The votes aren’t all in yet, but I’m guessing Janessa’s conspiracy plan won’t work and she will be leaving the show before she can get the next plastic surgery on her wish list.  She’s already had the nose job.  But there’s always more…more…more…

I’m not sure what these girls are offered in their wish list choices.

But I figure Janessa’s going to have to skip the choice of getting a real heart.


Plugged In for Dysfunction

Posted by Kathy on Apr 26, 2011 in Thoughts from ME

I admit it.  I am one of those people who resists the new electronics.  I have mastered my computer – kind of – with the help of:

~ several patient strangers halfway around the world (“Look – it’s important for you to know I’m a complete idiot about these things.  Don’t use any big words”), and

~ my husband (“NO, I DON’T NEED YOUR HELP AND NO, I DON’T WANT TO HEAR HOW GREAT YOUR COMPUTER IS COMPARED TO MINE, STOP IT! STOP IT! STOP- OK, yes I would like some help please, Sweetheart.”)

I never want a kindle, a nook, or even a cranny for that matter.  I don’t want a smart phone.  I’ll stick with my bright-enough phone.  That’s about as much as I can tolerate.  And I wish stores and business would not rely so heavily on their electronics.

At least, I felt that way until recently.

Last week, I had a craving for rye bread.  I phoned (OK, yes, I used a cell phone, I never promised you I was an electronics virgin)…I phoned a local café/bakery and asked if they had any rye bread left.  Yes, I was told, but only one loaf and it was the large size.  Their large size loaf is about the size of the Titanic, but I caved in and asked them to hold it for me.  An hour later, I was at one of their many cash registers.  The teen behind the counter greeted me by asking “Do you have a rewards card with us?”  Actually, it was more like “DOYOUHAVEAREWARDSCARDWITHUS?!?!?!”  Huh?  Well, yes, but what’s wrong with a simple hello?  I mean, we’re about to share a moment over my rye bread purchase.  We got past that awkward beginning (which included her asking me again if I had a rewards card and once I produced the damn thing, she slid it four times into the card pad before it registered) and she finally rang up my purchase.

“$3.14,” she said.

I looked at the register.

“No, it has to be more than that.  It’s a large rye.”

She poked more keys on her computer/register.

“$3.14,” was her response.

I told her that was not possible – three times – explaining why each time.  I knew that was the price for the small size.  She insisted it was the price.  She read off what she had keyed in.

I finally paid and left.  The register had won and there was nothing to be done about it except make toast.

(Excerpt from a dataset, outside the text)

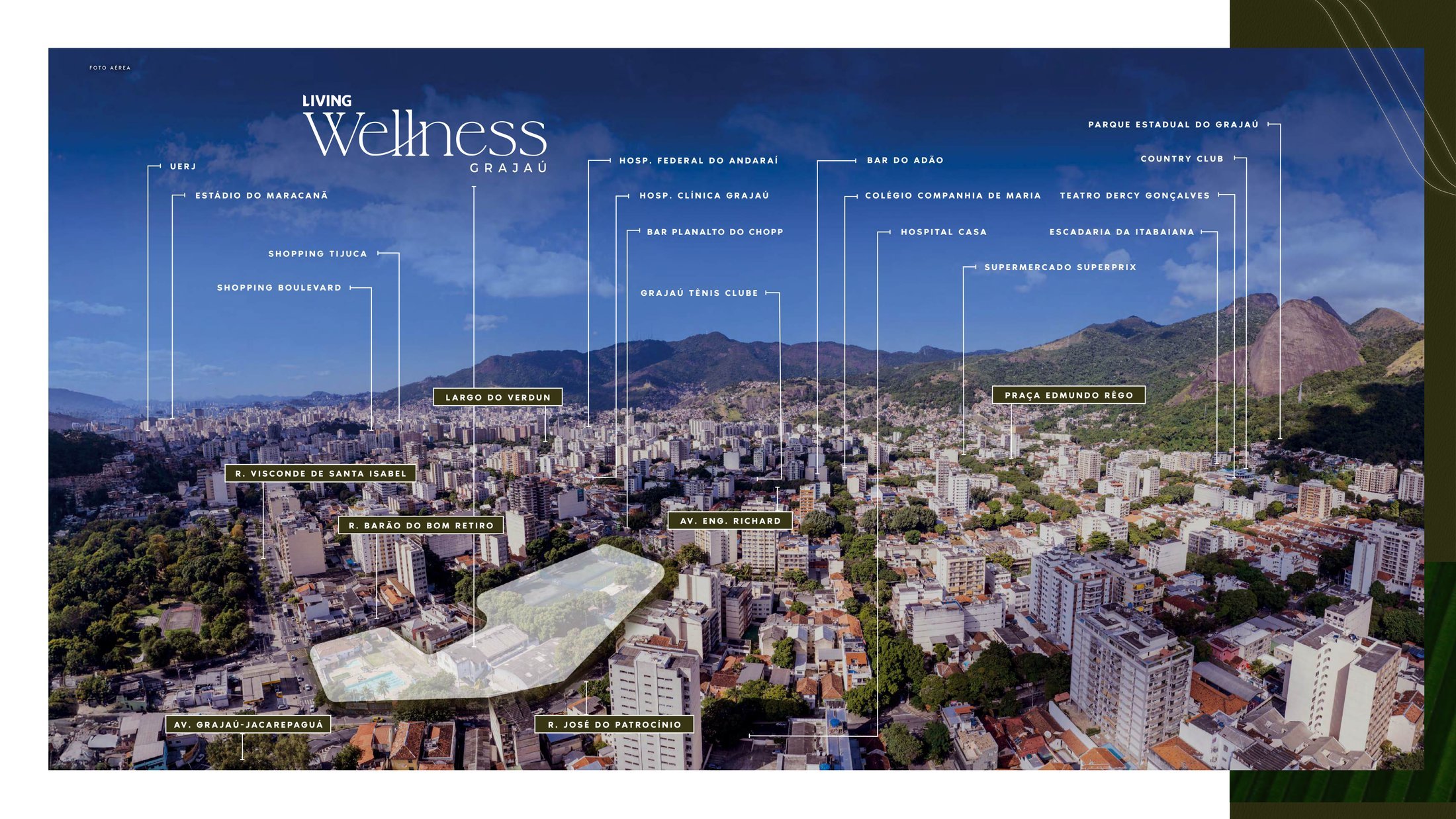 O Wellness Grajaú está localizado na Rua José do Patrocínio, no bairro do Grajaú, região residencial da Zona Norte do Rio de Janeiro com comércio local, serviços e vias de ligação para diferentes áreas da cidade.

Some days later, I needed to return a pair of shoes to a shoe store at our local mall.  I had paid $29.99 for them.  I couldn’t find the slip, but I knew what I paid, the tags were all there, I knew I’d just get a store credit, which would be fine, and shoebox in hand, I went there.

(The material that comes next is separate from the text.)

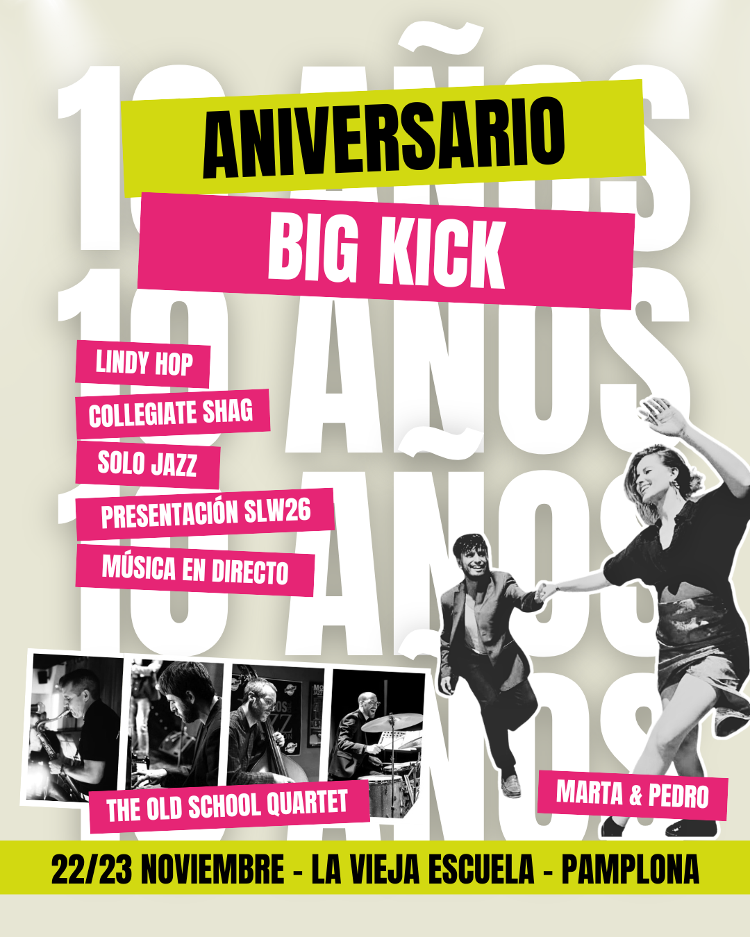 Contaremos con la visita especial de Pedro Vieira, que junto a Marta impartirá las clases de Lindy Hop. Además, el sábado por la tarde disfrutaremos del ritmo y la energía de The Old School Quartet, que nos harán mover los pies sin parar.

Twenty minutes of conversation later, including a phone call to her store manager, and much arguing from me, the cashier had credited my credit card with the full amount of the purchase.  That all sounds fine, except – I had told her many times –I’d been given a 10% AAA discount when I purchased the shoes.

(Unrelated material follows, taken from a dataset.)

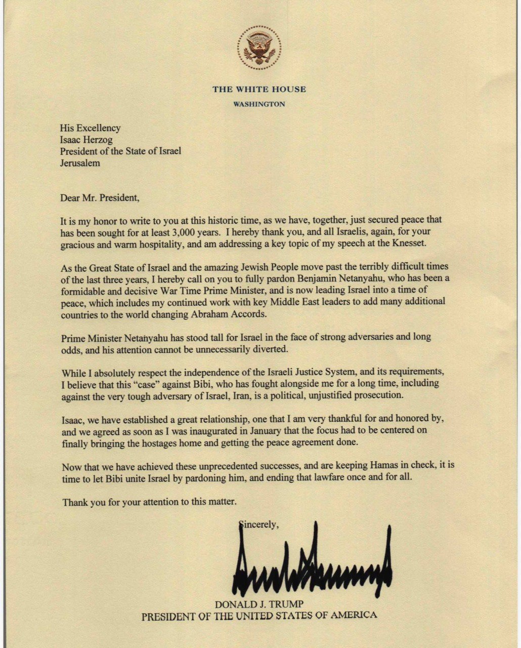 في الوقت الذي تتجاوز فيه دولة إسرائيل العظيمة والشعب اليهودي الرائع الأوقات الصعبة للغاية التي مرت بها خلال السنوات الثلاث الماضية، أدعوكم إلى العفو الكامل عن بنيامين نتنياهو، الذي كان رئيس وزراء قويًا وحاسمًا في زمن الحرب، ويقود إسرائيل الآن إلى زمن السلام، والذي يتضمن عملي المستمر مع قادة الشرق الأوسط البارزين لإضافة العديد من الدول إلى اتفاقيات أبراهام التي غيرت العالم.

“I know,” she said, “but I have to credit you the full amount.”

“But I didn’t pay that much,” I insisted.

“My manager said I have to put the whole amount onto your card.”

I couldn’t believe this.

“But you’re giving me more back than I paid!” I could feel my voice rising.  “You’re getting cheated.”  All because of that stupid machine that doesn’t allow for human brain function any more, I thought.

“I know.”

Again, I tried to make sure she understood the concept.  The concept of an error.  In my favor.  Which I didn’t feel good about.  Which she couldn’t do anything about.  Again, she explained to me that this was (electronically) the only way it could work.

I am definitely buying a lottery ticket today.